- Material provided -
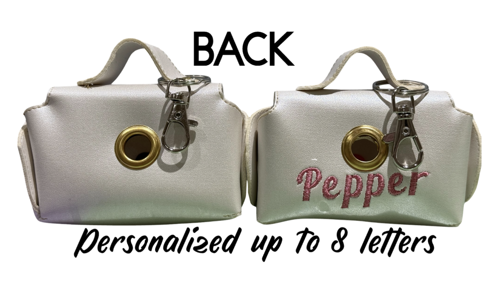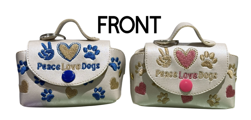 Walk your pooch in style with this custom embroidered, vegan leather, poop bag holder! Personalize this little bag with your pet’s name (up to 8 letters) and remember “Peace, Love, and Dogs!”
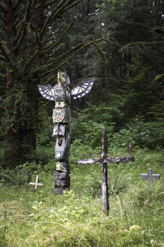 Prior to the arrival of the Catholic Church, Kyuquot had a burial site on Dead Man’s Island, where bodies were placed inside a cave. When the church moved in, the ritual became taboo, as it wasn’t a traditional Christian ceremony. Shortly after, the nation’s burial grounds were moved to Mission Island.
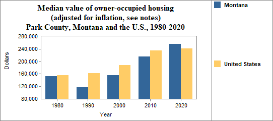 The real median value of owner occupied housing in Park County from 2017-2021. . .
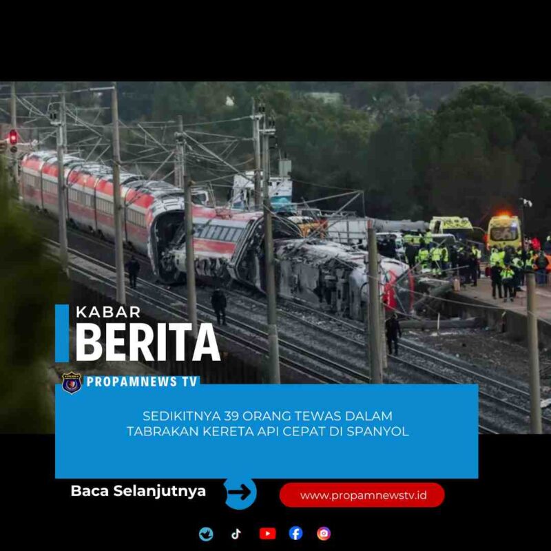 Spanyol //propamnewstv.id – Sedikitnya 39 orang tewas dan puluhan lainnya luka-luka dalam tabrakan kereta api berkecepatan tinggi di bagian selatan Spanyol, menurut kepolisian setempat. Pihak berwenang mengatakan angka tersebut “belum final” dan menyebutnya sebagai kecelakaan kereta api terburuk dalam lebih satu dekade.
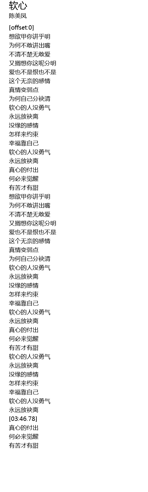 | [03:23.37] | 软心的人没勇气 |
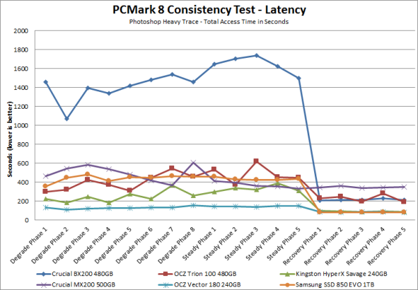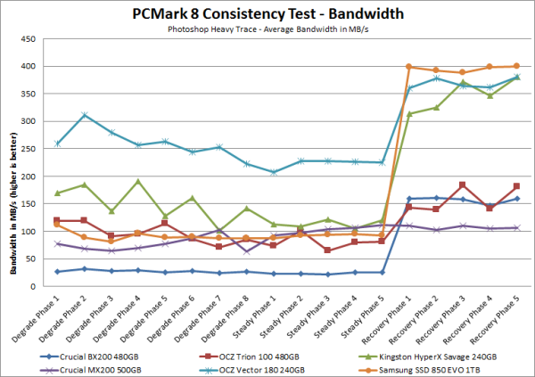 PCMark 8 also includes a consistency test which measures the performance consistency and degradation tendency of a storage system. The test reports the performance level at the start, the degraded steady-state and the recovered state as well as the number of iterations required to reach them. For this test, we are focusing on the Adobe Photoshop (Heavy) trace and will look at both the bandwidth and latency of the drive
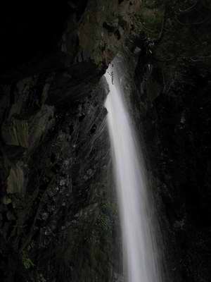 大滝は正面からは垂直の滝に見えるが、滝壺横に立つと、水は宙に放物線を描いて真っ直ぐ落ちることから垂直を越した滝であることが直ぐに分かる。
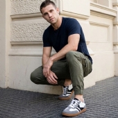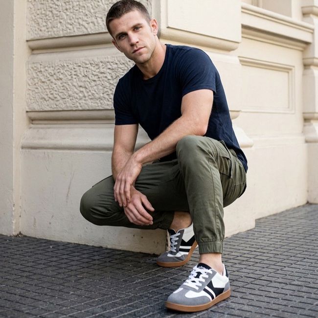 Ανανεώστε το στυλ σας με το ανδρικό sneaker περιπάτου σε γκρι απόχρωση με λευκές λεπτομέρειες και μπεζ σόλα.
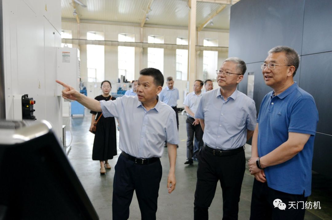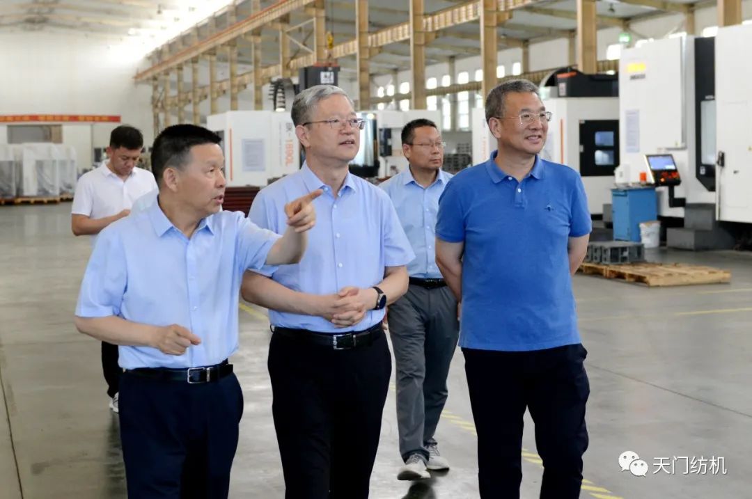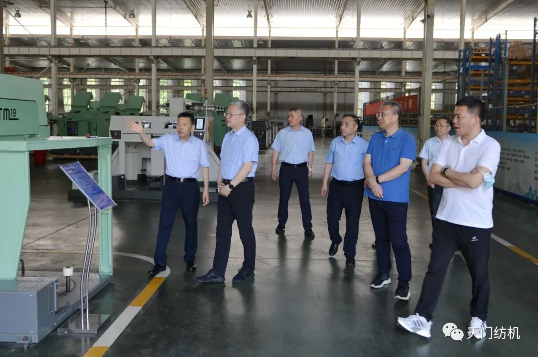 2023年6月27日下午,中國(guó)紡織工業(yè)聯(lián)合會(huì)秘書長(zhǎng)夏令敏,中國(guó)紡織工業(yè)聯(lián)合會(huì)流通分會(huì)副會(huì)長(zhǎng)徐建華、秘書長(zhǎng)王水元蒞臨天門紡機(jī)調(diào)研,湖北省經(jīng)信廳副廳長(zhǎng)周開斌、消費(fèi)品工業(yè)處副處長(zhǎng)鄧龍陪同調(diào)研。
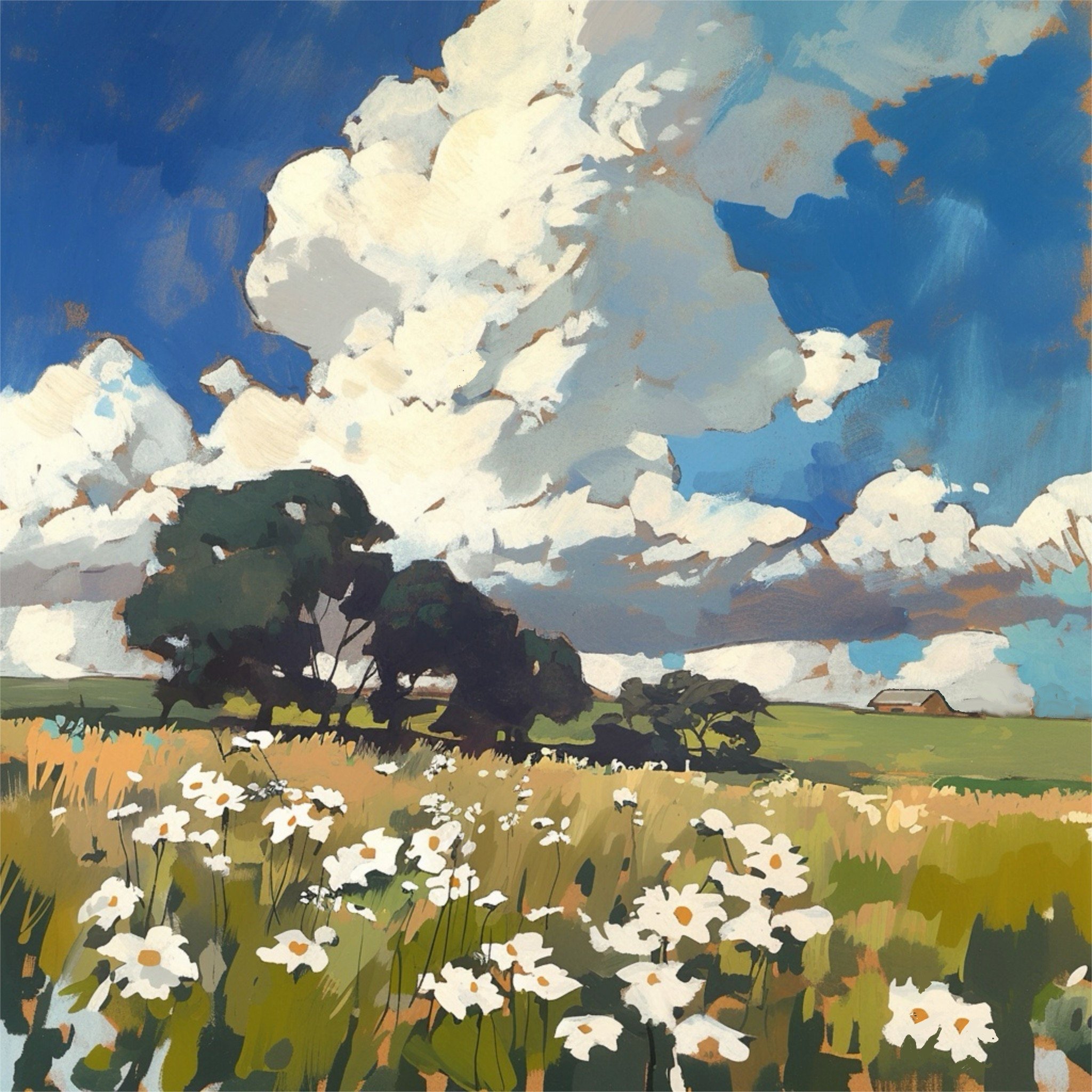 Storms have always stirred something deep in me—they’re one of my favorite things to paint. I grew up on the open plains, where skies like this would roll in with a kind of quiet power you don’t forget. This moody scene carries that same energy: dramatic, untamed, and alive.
==
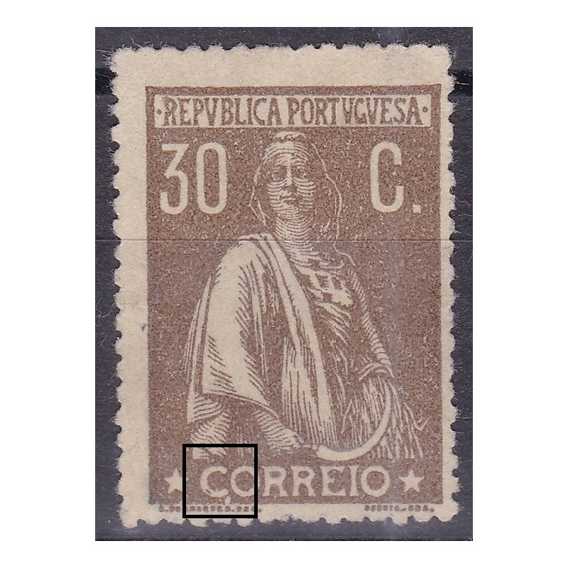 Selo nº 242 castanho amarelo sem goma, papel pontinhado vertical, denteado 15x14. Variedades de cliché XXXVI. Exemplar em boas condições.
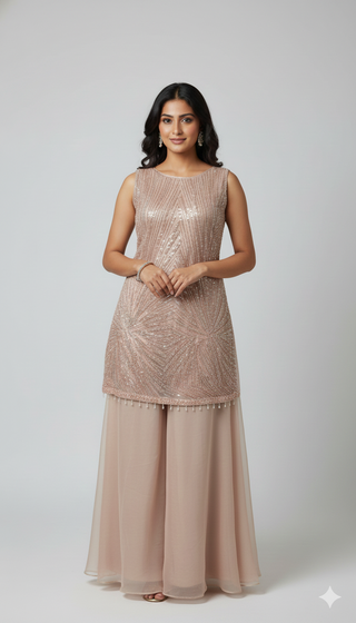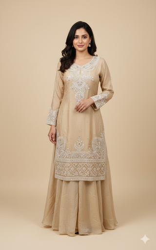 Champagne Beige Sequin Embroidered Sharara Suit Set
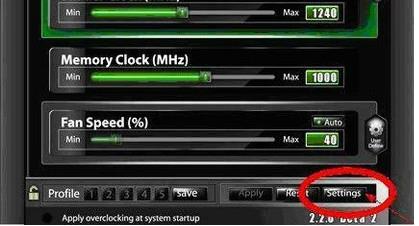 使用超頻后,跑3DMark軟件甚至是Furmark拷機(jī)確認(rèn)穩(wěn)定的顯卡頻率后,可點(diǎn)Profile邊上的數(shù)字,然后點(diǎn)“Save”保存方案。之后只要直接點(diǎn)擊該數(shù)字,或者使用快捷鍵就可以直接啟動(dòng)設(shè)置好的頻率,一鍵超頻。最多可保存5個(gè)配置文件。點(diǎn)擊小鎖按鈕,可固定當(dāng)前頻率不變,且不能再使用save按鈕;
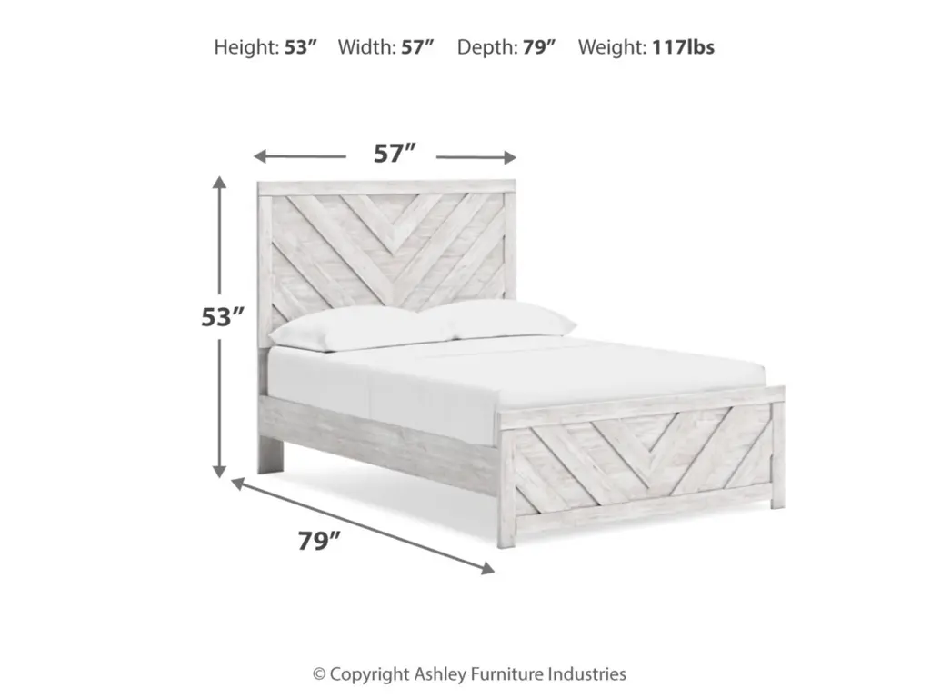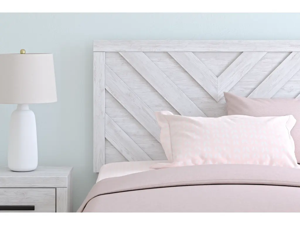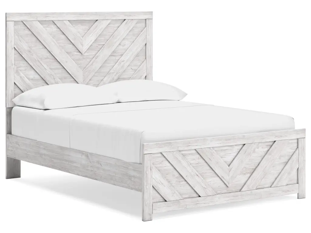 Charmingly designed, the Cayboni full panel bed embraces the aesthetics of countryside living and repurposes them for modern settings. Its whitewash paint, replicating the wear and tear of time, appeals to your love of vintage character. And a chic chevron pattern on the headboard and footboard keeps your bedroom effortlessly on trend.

- Exercise instructions -
With the pictures omitted, copy exactly the lines of the listing above starting at the line containing "大滝は正面からは垂直の滝に見" and ending at the line containing "Storms have always", both included.

- Exercise response -
 大滝は正面からは垂直の滝に見えるが、滝壺横に立つと、水は宙に放物線を描いて真っ直ぐ落ちることから垂直を越した滝であることが直ぐに分かる。
 Ανανεώστε το στυλ σας με το ανδρικό sneaker περιπάτου σε γκρι απόχρωση με λευκές λεπτομέρειες και μπεζ σόλα.
 2023年6月27日下午,中國(guó)紡織工業(yè)聯(lián)合會(huì)秘書長(zhǎng)夏令敏,中國(guó)紡織工業(yè)聯(lián)合會(huì)流通分會(huì)副會(huì)長(zhǎng)徐建華、秘書長(zhǎng)王水元蒞臨天門紡機(jī)調(diào)研,湖北省經(jīng)信廳副廳長(zhǎng)周開斌、消費(fèi)品工業(yè)處副處長(zhǎng)鄧龍陪同調(diào)研。
 Storms have always stirred something deep in me—they’re one of my favorite things to paint. I grew up on the open plains, where skies like this would roll in with a kind of quiet power you don’t forget. This moody scene carries that same energy: dramatic, untamed, and alive.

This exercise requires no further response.